Research output: Contribution to journalArticlepeer-review

78 Scopus citations


Background: A total of 100 patients who presented with synostosis of the metopic or coronal suture were consecutively treated during a 6-year period using minimally invasive endoscopic-assisted suturectomies. After surgery, all patients were fitted with custom-made cranial helmets for up to 12 months. Materials and methods: The coronal group consisted of 50 patients, 26 females and 23 males with a mean age of 3.78 months. Surgery was done through a single 2-mm incision at the ipsilateral stephanion. After endoscopic-assisted dissection, a craniectomy of the involved suture was done (mean width, 6 mm, and mean length, 10 cm).

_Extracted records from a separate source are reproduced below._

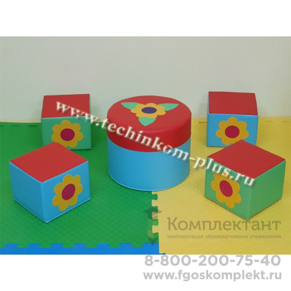 В комплекте: столик-пуфик (d = 40 см, h = 30 см) - 1 шт, банкетка-пуфик (25 х 25 х 20 см) - 4 шт.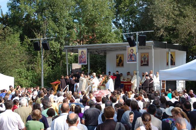 Duminică, 11 septembrie 2011, sute de credincioşi români au participat la slujba punerii pietrei de temelie pentru noul Centru Bisericesc Ortodox din München, cu hramurile Înălţarea Sfintei Cruci şi Sfântul Ierarh Calinic de la Cernica. Slujba a fost săvârşită de Preafericitul Părinte Patriarh Daniel în continuarea Sfintei Liturghii, la care au participat numeroși membri ai Sfântului Sinod al Bisericii Ortodoxe Române: Înaltpreasfințitul Teofan, Mitropolitul Moldovei și Bucovinei, Înaltpreasfințitul Laurenţiu, Mitropolitul Ardealului, Înaltpreasfințitul Serafim, Mitropolitul Ortodox Român al Germaniei, Europei Centrale și de Nord, Înaltpreasfințitul Iosif, Mitropolitul Ortodox Român al Europei Occidentale și Meridionale, Înaltpreasfinţitul Arhiepiscop Ioan, Episcopul Covasnei şi Harghitei, Preasfințitul Sofian Brașoveanul, Episcop-vicar al Arhiepiscopiei Ortodoxe Române a Germaniei, Austriei și Luxemburgului, dar şi ierarhi ortodocşi ai altor jurisdicţii naţionale din Germania: Inaltpreasfintitul Augustinos, Mitropolitul grec al Germaniei şi Exarh al Europei Centrale, care este şi preşedintele Conferinţei Episcopilor Ortodocşi din Germania, Înaltpreasfintitul Feofan, Arhiepiscopul rus al Berlinului şi al Germaniei, Preasfinţitul Constantin, Episcopul sârb al Europei Centrale şi Preasfinţitul Agapit de Stuttgart, Episcop-vicar al Arhiepiscopiei Ruse din afara graniţelor, precum și peste 30 de preoți și diaconi din Arhiepiscopia noastră şi din Bisericile Ortodoxe surori. Pentru a-l întâmpina pe Preafericirea Sa a venit şi Întâistătătorul Bisericii Ruse din Afara Granițelor, Arhiepiscopul Mark Arndt de Berlin al întregii Germanii.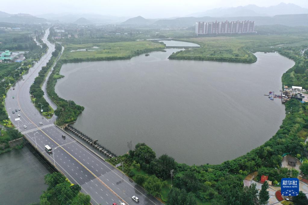 這是遼寧省鞍山市高新區(qū)火炬廣場前的南沙河水域(8月20日攝,無人機照片)。 新華社記者 姚劍鋒 攝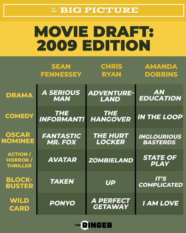 Looking at this reflection of “The Big Picture” 2009 Movie Draft, I have 83 movies that were released that year. It is a little bit below the median line that I set come the turn of the decade, but I still have some movies to look at and choose from.
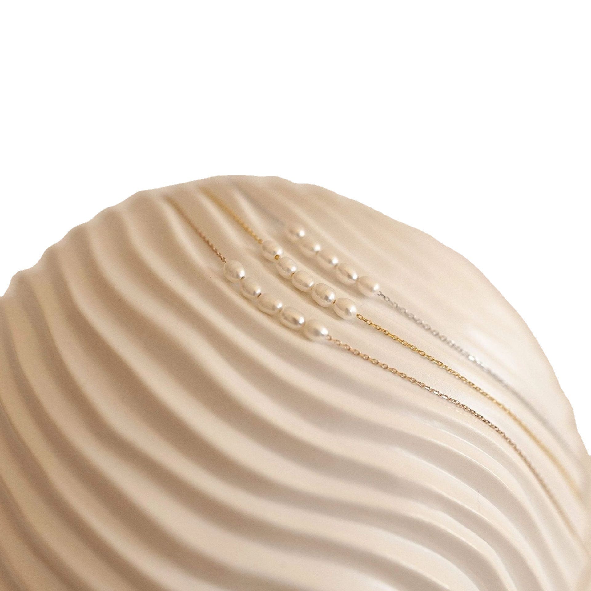 Beautiful, oval-shaped pearls are delicately strung along a fine gold chain, capturing the soft glow of moonlight over the sea. The Lunar Strand Necklace embodies timeless elegance and understated femininity, making it a graceful addition to any jewelry collection. Perfect for layering with other pieces or gifting to bridesmaids and mothers alike, it’s a radiant symbol of love and connection.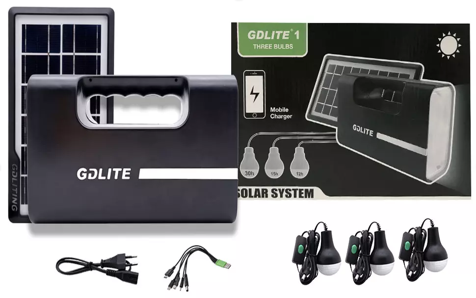 Портативна станція для заряджання GD 1/8418 з 3 лампами та сонячною панеллю (16 шт.)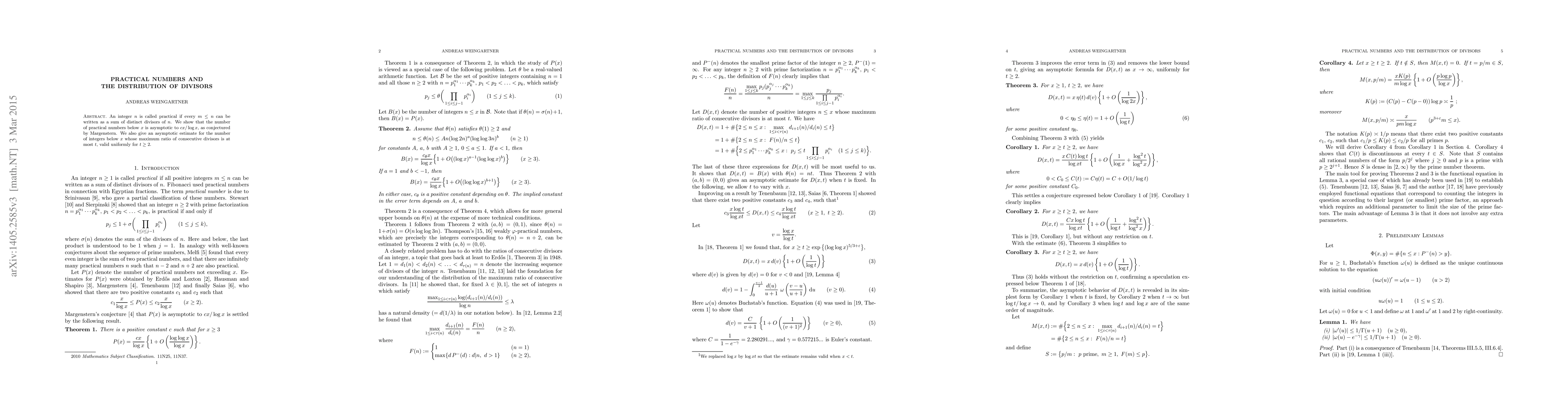 This paper establishes that the number of practical numbers below x is asymptotic to cx/log x, as conjectured by Margenstern, and provides a uniform estimate for integers with a maximum ratio of consecutive divisors at most t.

The metopic group consisted of 50 patients, 35 males and 16 females with a mean age of 4.1 months. A single 2- to 3-cm incision was placed on the midline behind the hairline. A suturectomy of the suture from anterior fontanelle to nasofrontal suture was performed (mean width, 7 mm, and mean length, 9.8 cm). Results: For the entire cohort, the mean estimated blood loss was 34 cc (5-250 cc). The mean estimated percent of blood volume lost was 5.2% (1-26%). There were no intraoperative blood transfusions and five postoperative for a total transfusion rate of 6.7%. The mean surgical time was 56 min. All but one patient (99%) was discharged on the first postoperative day. Complications included two dural tears and four pseudomeningoceles. There were two cases of incomplete reossification of the craniectomy. There were no infections, mortalities, hematomas, or visual injuries. There were no complications related to helmet therapy except three superficial skin breakdowns that cleared immediately with helmet non-use for 3-4 days. Using anthropometric measurements and extensive photographic and physical assessments, excellent results were obtained in 84%, good results in 9%, and poor results in 7% of patients. Conclusions: Early treatment of infants with coronal or metopic craniosynostosis using endoscopic assisted minimally invasive suturectomies is a safe and efficacious treatment alternative associated with excellent results in a large portion of these patients.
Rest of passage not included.